(What needs to be done)
Your copy should match the entries exactly, with the pictures left out.
····················
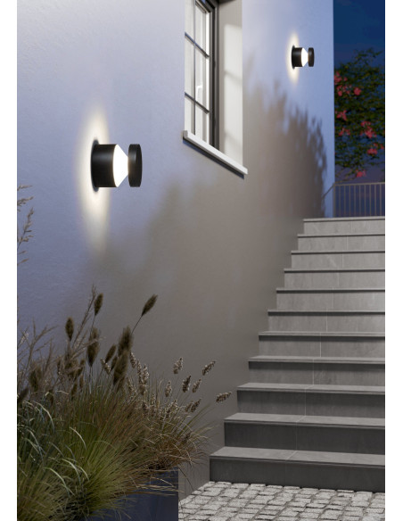O candeeiro de parede exterior LED MELZO tem um corpo cilíndrico em alumínio fundido preto. Os LED integrados por detrás do painel de luz de plástico transparente no corpo brilham na parte superior do candeeiro e produzem uma agradável luz branca quente indireta. Tem proteção IP65 resistente a poeiras e água a baixa pressão e é adequada para utilização no exterior. Funciona igualmente bem como candeeiro de parede, de teto ou de poste. O produto tem um design minimalista que se integra em qualquer espaço exterior moderno - é também ideal para áreas de entrada da casa, terraços ou varandas.
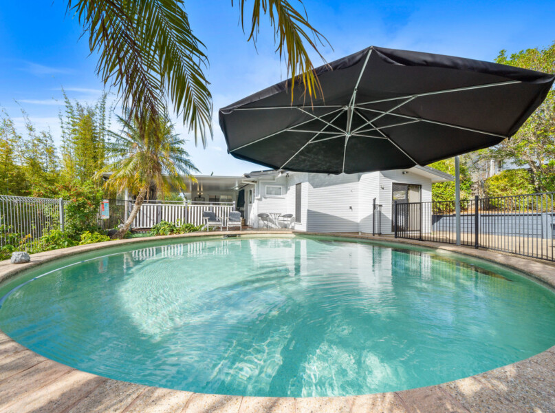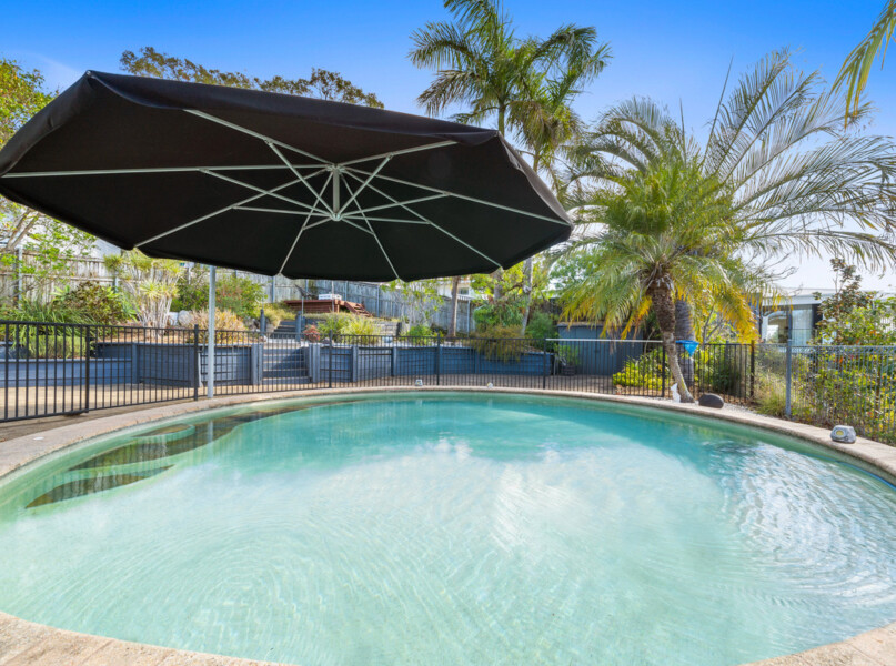 Step outside to discover the expansive undercover outdoor deck that overlooks the inviting circular saltwater swimming pool, which is enhanced by a large adjustable swing umbrella, providing shade and comfort for your poolside relaxation – the perfect setting for relaxation and entertaining. Additionally, an elevated gazebo area offers captivating views of the city.
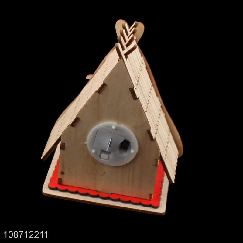 Hot selling wooden Christmas house with led light for tabletop decor
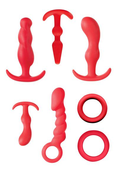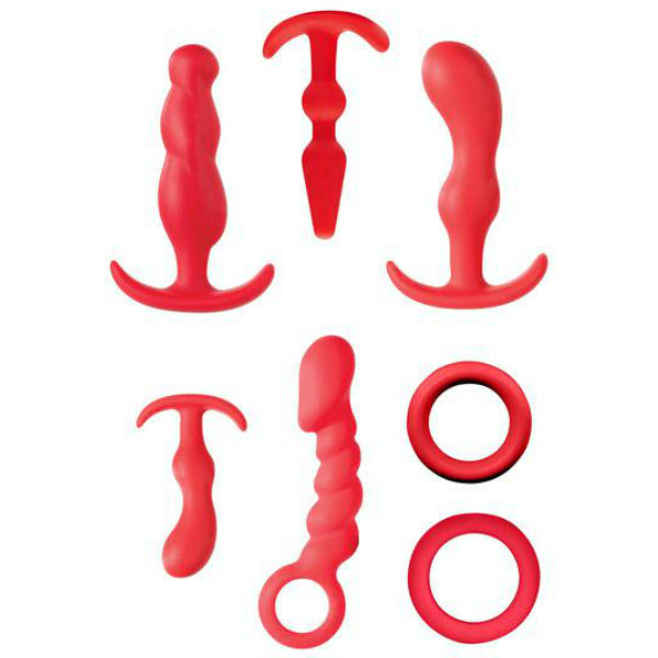 Disfrute del sexo anal con este completo kit de 7 referencias, todo en color rojo y con una calidad de silicona suave y resistente, perfecto para el sexo duro. Contiene; - Un anillo silicona extensible y adaptable con diametro 4 cm
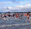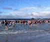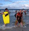 The photos show: Swimmers making a quick exit towards the bonfire, A Child enjoying the view from the palates, This boy went in prior to the swim, Angel Fancy, An odd pair of skiis, Ktv Broadcasting live, not everyone was in a \hurry to get out of the water, Collecting for charities, the splendid bonfire and Surfers.
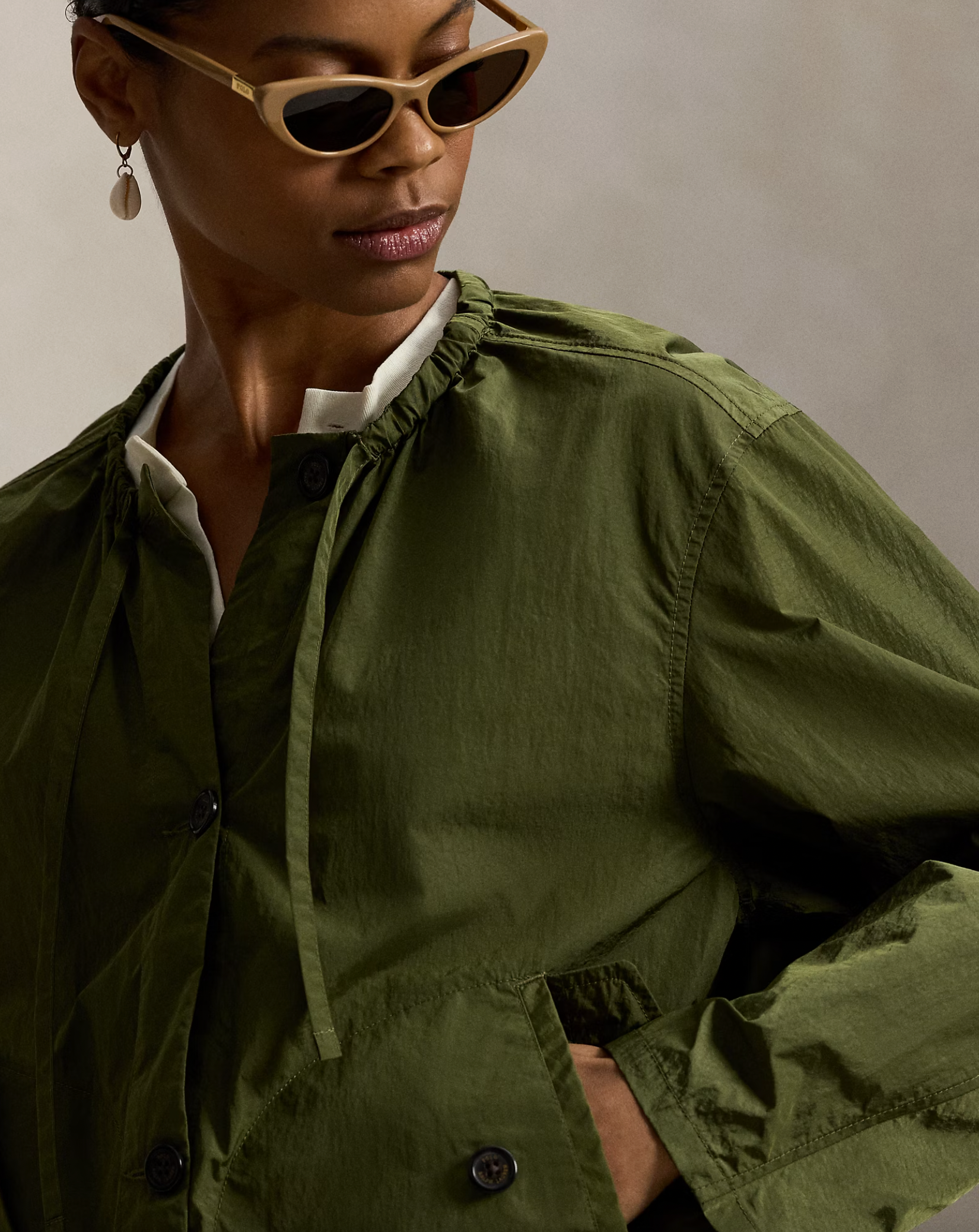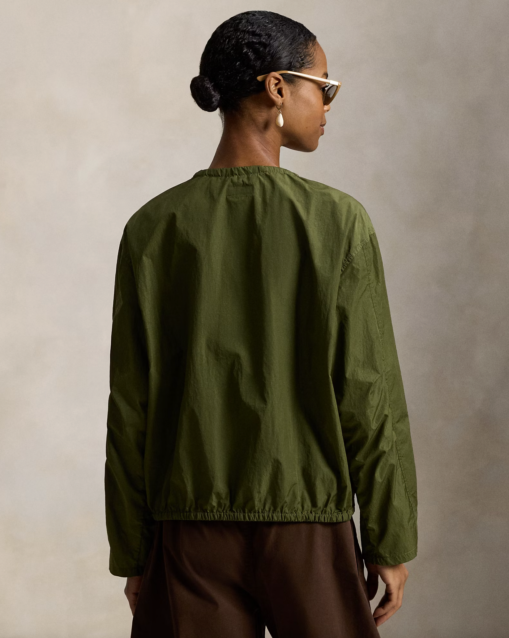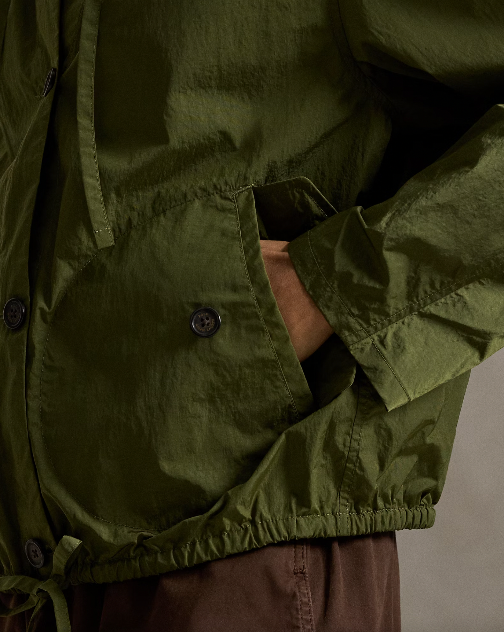 Crafted from water-resistant fabric, this windbreaker is designed with drawstrings on the neckline and hem to create a gathered effect.
····················
(Solution for this exercise)
O candeeiro de parede exterior LED MELZO tem um corpo cilíndrico em alumínio fundido preto. Os LED integrados por detrás do painel de luz de plástico transparente no corpo brilham na parte superior do candeeiro e produzem uma agradável luz branca quente indireta. Tem proteção IP65 resistente a poeiras e água a baixa pressão e é adequada para utilização no exterior. Funciona igualmente bem como candeeiro de parede, de teto ou de poste. O produto tem um design minimalista que se integra em qualquer espaço exterior moderno - é também ideal para áreas de entrada da casa, terraços ou varandas.
 Step outside to discover the expansive undercover outdoor deck that overlooks the inviting circular saltwater swimming pool, which is enhanced by a large adjustable swing umbrella, providing shade and comfort for your poolside relaxation – the perfect setting for relaxation and entertaining. Additionally, an elevated gazebo area offers captivating views of the city.
 Hot selling wooden Christmas house with led light for tabletop decor
 Disfrute del sexo anal con este completo kit de 7 referencias, todo en color rojo y con una calidad de silicona suave y resistente, perfecto para el sexo duro. Contiene; - Un anillo silicona extensible y adaptable con diametro 4 cm
 The photos show: Swimmers making a quick exit towards the bonfire, A Child enjoying the view from the palates, This boy went in prior to the swim, Angel Fancy, An odd pair of skiis, Ktv Broadcasting live, not everyone was in a \hurry to get out of the water, Collecting for charities, the splendid bonfire and Surfers.
 Crafted from water-resistant fabric, this windbreaker is designed with drawstrings on the neckline and hem to create a gathered effect.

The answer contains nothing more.